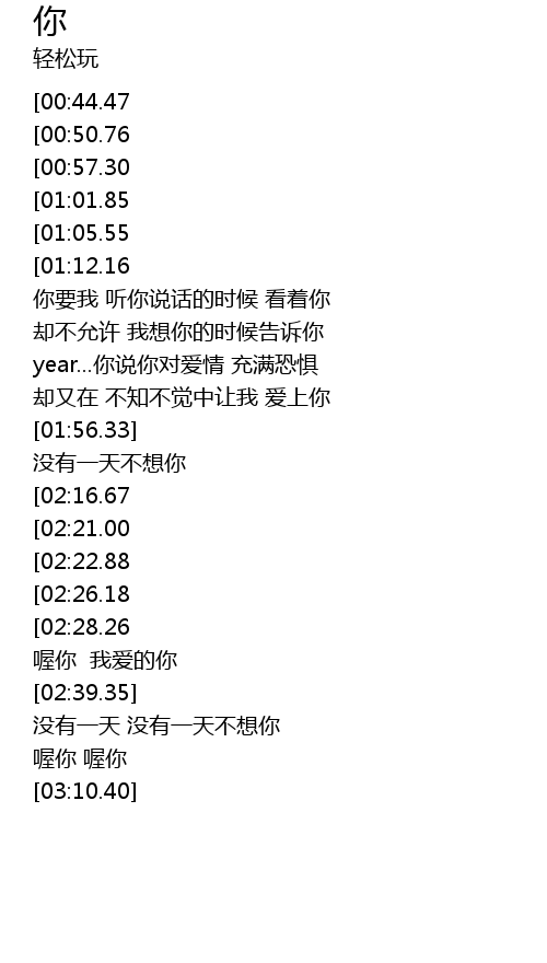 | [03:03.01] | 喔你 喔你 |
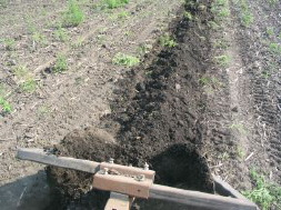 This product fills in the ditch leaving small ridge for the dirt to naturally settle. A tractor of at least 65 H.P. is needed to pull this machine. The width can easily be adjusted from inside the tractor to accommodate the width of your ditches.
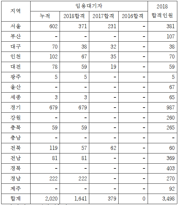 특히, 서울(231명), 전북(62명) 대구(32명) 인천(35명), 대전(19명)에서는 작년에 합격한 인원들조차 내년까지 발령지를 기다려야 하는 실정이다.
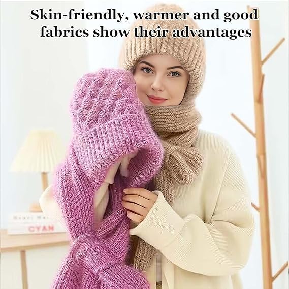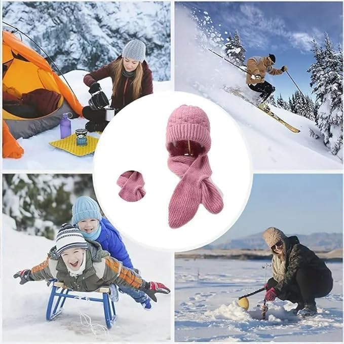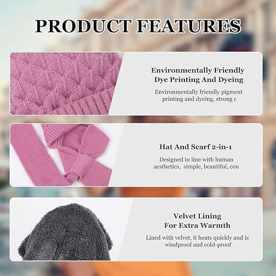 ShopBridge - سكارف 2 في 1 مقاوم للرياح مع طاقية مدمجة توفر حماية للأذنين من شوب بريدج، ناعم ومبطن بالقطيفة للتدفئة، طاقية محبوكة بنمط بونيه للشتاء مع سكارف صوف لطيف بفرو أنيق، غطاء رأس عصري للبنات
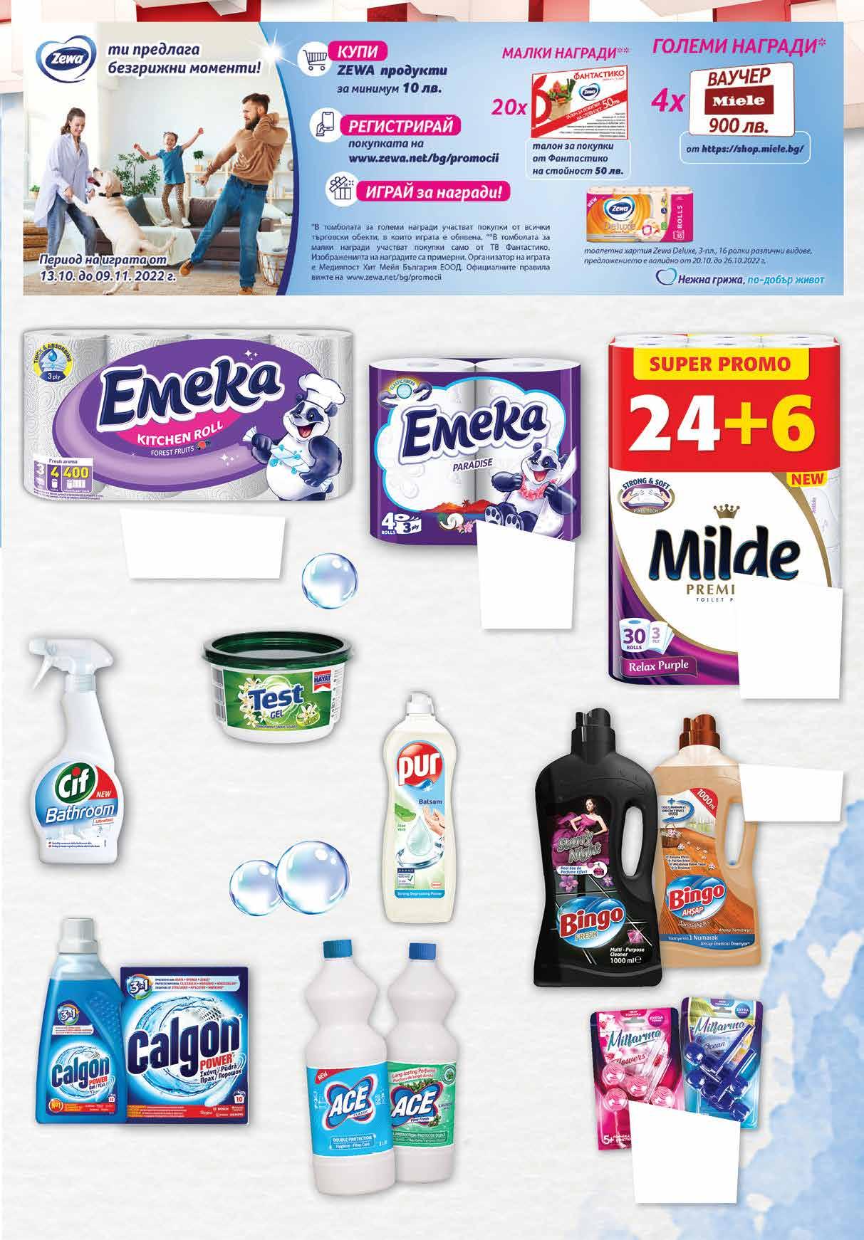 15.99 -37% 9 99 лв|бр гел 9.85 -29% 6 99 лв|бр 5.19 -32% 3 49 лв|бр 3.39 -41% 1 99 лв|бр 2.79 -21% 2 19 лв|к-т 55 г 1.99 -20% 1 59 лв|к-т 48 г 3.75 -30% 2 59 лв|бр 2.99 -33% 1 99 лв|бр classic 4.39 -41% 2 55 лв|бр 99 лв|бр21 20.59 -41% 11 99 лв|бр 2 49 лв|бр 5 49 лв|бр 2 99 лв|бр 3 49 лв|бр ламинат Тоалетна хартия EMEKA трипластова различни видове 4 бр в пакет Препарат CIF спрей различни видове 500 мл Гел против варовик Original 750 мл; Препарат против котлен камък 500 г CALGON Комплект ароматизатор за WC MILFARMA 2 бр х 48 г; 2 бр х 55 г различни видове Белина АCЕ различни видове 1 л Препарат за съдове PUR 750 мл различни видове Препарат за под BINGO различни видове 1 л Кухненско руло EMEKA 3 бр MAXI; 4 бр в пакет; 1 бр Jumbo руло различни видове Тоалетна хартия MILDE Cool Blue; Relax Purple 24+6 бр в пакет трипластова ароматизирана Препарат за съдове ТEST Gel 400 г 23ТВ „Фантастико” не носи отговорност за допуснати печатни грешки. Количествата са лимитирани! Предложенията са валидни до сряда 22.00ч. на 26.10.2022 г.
==
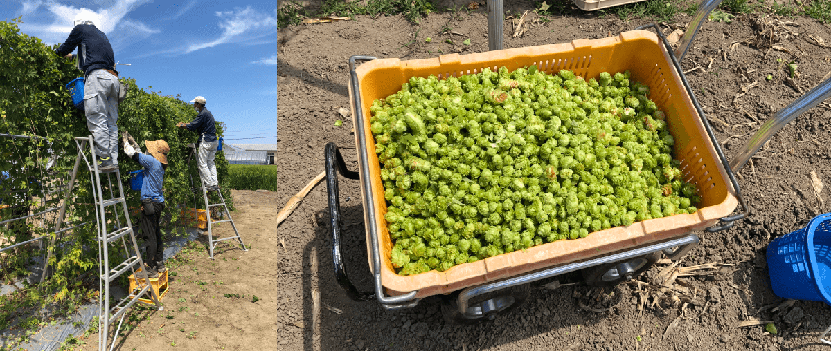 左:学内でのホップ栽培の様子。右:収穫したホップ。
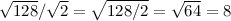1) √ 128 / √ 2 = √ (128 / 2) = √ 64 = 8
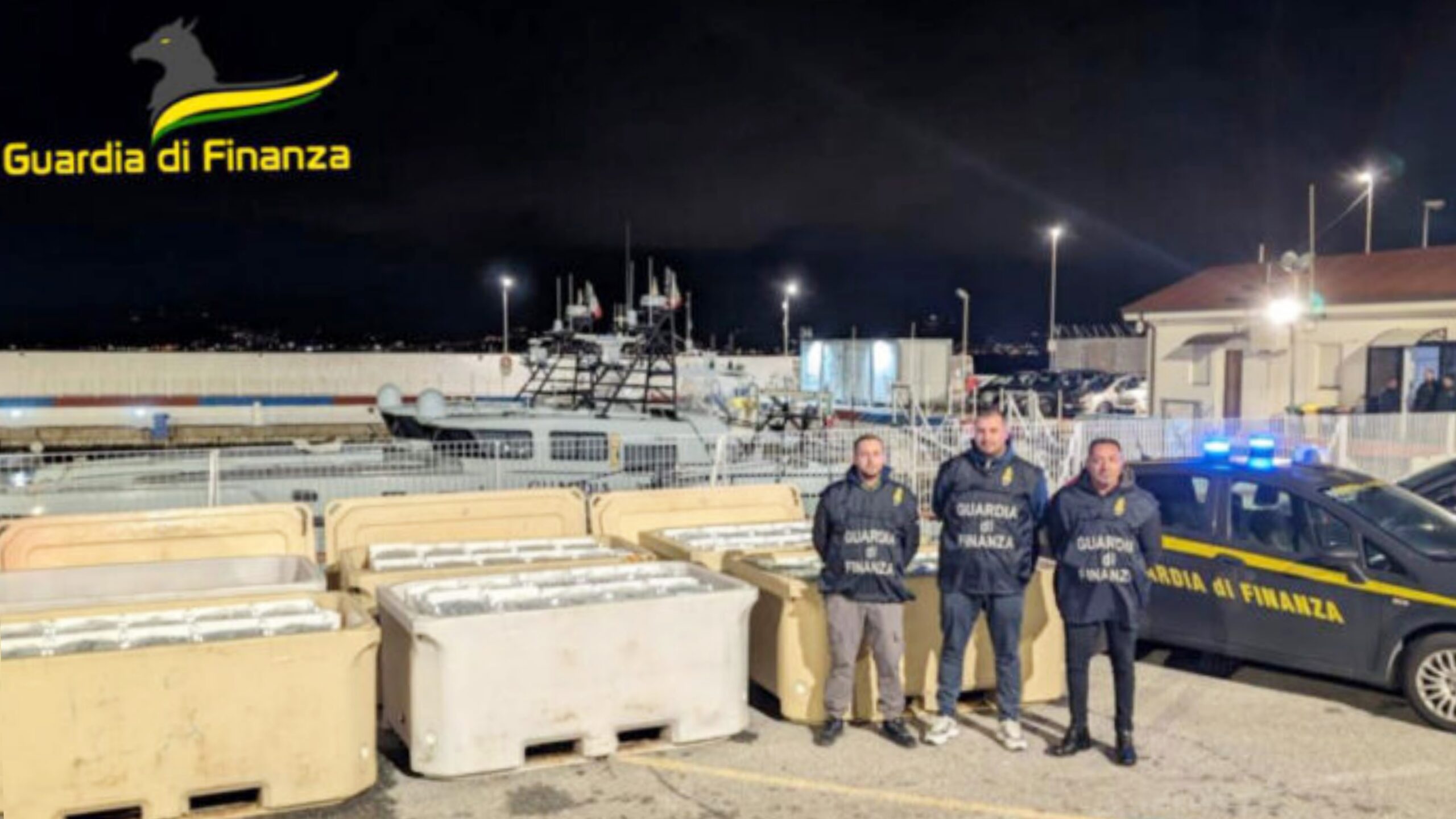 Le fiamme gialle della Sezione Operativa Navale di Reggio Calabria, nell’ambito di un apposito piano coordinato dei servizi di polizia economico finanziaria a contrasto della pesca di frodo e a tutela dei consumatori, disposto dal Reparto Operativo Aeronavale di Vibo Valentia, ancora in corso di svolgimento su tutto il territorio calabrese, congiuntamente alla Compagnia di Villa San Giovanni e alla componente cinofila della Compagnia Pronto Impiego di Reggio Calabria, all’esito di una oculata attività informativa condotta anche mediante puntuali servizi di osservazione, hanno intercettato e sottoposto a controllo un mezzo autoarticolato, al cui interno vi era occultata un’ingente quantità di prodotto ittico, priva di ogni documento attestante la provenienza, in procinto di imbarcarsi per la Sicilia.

Required action:
Restate word for word the lines of the data above that begin at the line with "左:学内でのホップ栽培の様子。右:収穫したホップ。" and end at the line with "Le fiamme gialle", keeping both ends and dropping every picture.

Answer space:
 左:学内でのホップ栽培の様子。右:収穫したホップ。
1) √ 128 / √ 2 = √ (128 / 2) = √ 64 = 8
 Le fiamme gialle della Sezione Operativa Navale di Reggio Calabria, nell’ambito di un apposito piano coordinato dei servizi di polizia economico finanziaria a contrasto della pesca di frodo e a tutela dei consumatori, disposto dal Reparto Operativo Aeronavale di Vibo Valentia, ancora in corso di svolgimento su tutto il territorio calabrese, congiuntamente alla Compagnia di Villa San Giovanni e alla componente cinofila della Compagnia Pronto Impiego di Reggio Calabria, all’esito di una oculata attività informativa condotta anche mediante puntuali servizi di osservazione, hanno intercettato e sottoposto a controllo un mezzo autoarticolato, al cui interno vi era occultata un’ingente quantità di prodotto ittico, priva di ogni documento attestante la provenienza, in procinto di imbarcarsi per la Sicilia.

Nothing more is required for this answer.